## Directions for this task
Scan the material below for the word "natural", then copy every line in which it appears.

## Dataset content
● ● ● ● ● ● ●

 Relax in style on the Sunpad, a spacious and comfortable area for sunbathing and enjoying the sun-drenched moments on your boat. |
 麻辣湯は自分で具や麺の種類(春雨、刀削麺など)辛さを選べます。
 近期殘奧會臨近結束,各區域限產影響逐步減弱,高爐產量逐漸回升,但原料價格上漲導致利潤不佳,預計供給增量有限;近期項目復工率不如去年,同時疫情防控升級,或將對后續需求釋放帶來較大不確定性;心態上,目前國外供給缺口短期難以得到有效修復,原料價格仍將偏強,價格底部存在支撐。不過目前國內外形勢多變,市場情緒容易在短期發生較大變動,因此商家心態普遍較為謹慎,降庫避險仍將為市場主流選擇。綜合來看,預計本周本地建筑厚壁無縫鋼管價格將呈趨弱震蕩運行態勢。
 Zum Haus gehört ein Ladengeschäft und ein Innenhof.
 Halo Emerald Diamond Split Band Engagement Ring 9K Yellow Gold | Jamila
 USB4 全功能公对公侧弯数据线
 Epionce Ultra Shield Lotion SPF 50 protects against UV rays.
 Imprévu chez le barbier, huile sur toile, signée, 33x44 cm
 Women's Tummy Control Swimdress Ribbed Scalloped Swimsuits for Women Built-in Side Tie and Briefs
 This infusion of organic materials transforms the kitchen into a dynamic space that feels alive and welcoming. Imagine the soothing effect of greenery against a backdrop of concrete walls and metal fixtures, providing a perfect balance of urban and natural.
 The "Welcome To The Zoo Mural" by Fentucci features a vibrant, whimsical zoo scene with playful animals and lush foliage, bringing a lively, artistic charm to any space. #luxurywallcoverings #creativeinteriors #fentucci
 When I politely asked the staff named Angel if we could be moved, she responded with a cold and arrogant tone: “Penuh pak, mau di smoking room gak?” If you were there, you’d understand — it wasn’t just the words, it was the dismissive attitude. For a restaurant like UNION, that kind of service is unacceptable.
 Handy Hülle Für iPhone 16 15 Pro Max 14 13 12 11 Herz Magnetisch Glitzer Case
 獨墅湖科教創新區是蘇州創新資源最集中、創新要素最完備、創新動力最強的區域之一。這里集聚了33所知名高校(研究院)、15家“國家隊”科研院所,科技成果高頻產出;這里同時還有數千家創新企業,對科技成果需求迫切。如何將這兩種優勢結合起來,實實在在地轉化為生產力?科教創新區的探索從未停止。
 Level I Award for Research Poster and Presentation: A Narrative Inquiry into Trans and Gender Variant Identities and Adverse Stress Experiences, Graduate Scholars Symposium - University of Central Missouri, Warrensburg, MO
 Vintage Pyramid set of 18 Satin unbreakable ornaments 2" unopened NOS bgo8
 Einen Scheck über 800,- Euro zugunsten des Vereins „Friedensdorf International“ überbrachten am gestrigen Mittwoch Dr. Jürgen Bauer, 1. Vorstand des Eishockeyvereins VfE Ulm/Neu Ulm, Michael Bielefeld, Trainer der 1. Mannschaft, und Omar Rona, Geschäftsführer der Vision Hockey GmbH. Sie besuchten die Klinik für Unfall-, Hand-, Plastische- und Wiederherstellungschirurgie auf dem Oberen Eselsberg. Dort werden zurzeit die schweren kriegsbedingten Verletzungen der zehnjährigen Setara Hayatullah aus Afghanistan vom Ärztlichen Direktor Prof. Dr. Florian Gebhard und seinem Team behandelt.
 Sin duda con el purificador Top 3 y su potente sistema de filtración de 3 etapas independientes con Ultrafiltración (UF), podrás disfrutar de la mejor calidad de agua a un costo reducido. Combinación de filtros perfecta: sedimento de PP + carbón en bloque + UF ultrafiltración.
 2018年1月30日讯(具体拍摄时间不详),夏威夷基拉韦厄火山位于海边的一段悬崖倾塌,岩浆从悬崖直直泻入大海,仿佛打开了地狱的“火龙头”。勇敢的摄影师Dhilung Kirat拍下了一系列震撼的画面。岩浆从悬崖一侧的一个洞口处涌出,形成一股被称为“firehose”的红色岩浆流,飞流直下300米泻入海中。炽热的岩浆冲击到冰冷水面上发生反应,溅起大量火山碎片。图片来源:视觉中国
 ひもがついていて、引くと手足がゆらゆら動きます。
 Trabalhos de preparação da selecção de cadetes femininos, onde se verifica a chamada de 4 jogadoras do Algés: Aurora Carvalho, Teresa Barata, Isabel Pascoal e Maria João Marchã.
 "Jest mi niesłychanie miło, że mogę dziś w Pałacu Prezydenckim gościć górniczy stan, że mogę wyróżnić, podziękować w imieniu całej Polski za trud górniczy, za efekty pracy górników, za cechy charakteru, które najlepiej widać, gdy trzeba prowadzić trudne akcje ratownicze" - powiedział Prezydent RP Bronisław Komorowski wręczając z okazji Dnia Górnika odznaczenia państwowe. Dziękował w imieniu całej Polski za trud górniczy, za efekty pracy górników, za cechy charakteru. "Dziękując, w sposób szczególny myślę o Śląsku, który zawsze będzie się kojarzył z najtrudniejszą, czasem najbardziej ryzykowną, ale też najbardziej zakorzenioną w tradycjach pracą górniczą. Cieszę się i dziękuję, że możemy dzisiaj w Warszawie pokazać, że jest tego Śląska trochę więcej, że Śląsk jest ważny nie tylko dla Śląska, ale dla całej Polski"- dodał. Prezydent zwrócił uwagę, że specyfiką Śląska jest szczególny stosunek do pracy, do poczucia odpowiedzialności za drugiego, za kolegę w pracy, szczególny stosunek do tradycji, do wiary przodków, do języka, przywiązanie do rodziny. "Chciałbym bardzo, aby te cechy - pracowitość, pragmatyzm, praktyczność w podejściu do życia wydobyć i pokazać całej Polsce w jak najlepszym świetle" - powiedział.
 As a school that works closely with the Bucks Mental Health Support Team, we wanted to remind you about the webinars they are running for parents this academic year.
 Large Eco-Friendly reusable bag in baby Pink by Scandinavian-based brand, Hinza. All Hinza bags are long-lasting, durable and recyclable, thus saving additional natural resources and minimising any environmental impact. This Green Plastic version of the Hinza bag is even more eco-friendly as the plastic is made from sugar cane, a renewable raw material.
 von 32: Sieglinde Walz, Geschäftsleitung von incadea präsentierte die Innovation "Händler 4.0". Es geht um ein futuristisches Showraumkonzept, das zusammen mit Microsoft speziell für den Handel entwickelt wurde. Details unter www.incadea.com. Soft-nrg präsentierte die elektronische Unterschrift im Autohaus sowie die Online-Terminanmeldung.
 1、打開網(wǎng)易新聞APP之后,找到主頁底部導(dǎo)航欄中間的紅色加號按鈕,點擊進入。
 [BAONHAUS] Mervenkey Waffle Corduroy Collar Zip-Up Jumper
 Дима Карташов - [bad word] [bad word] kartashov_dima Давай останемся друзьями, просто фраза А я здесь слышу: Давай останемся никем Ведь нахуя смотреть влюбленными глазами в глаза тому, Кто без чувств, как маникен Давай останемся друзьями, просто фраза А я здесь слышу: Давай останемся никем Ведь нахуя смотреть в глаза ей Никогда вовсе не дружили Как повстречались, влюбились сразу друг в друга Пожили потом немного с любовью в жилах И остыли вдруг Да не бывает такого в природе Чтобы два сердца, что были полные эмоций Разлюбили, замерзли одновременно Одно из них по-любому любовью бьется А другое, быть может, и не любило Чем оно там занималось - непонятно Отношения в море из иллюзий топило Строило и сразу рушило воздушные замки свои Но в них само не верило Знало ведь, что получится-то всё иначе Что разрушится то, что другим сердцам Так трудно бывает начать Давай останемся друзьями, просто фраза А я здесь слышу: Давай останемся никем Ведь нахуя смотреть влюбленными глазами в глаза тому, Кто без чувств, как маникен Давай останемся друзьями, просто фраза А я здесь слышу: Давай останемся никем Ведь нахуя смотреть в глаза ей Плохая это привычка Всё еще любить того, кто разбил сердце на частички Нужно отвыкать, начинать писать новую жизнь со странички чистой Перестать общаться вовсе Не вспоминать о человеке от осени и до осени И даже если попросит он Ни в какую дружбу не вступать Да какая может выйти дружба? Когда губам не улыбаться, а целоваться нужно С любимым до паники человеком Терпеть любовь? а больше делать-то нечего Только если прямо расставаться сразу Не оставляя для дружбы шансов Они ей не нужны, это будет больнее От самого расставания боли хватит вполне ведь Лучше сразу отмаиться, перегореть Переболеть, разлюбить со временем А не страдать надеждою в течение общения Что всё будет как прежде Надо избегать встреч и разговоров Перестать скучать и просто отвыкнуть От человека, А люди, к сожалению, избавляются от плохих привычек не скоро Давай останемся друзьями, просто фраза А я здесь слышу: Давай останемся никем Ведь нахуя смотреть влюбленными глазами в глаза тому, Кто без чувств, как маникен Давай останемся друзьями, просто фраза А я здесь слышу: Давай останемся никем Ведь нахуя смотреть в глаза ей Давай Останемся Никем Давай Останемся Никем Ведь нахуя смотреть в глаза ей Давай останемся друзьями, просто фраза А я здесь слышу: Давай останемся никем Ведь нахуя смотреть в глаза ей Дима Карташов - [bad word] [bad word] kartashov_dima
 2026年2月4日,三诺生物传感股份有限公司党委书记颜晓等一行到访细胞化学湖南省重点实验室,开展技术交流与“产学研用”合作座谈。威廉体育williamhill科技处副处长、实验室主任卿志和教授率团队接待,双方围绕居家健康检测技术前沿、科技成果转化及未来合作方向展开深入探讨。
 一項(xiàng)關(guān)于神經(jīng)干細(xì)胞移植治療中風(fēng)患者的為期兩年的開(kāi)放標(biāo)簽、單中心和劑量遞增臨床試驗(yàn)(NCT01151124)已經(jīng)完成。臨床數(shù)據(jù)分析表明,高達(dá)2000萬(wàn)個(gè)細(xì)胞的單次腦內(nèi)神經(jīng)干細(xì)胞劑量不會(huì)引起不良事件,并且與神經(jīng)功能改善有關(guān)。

● ● ● ● ● ● ●

## Finished task
 This infusion of organic materials transforms the kitchen into a dynamic space that feels alive and welcoming. Imagine the soothing effect of greenery against a backdrop of concrete walls and metal fixtures, providing a perfect balance of urban and natural.
 Large Eco-Friendly reusable bag in baby Pink by Scandinavian-based brand, Hinza. All Hinza bags are long-lasting, durable and recyclable, thus saving additional natural resources and minimising any environmental impact. This Green Plastic version of the Hinza bag is even more eco-friendly as the plastic is made from sugar cane, a renewable raw material.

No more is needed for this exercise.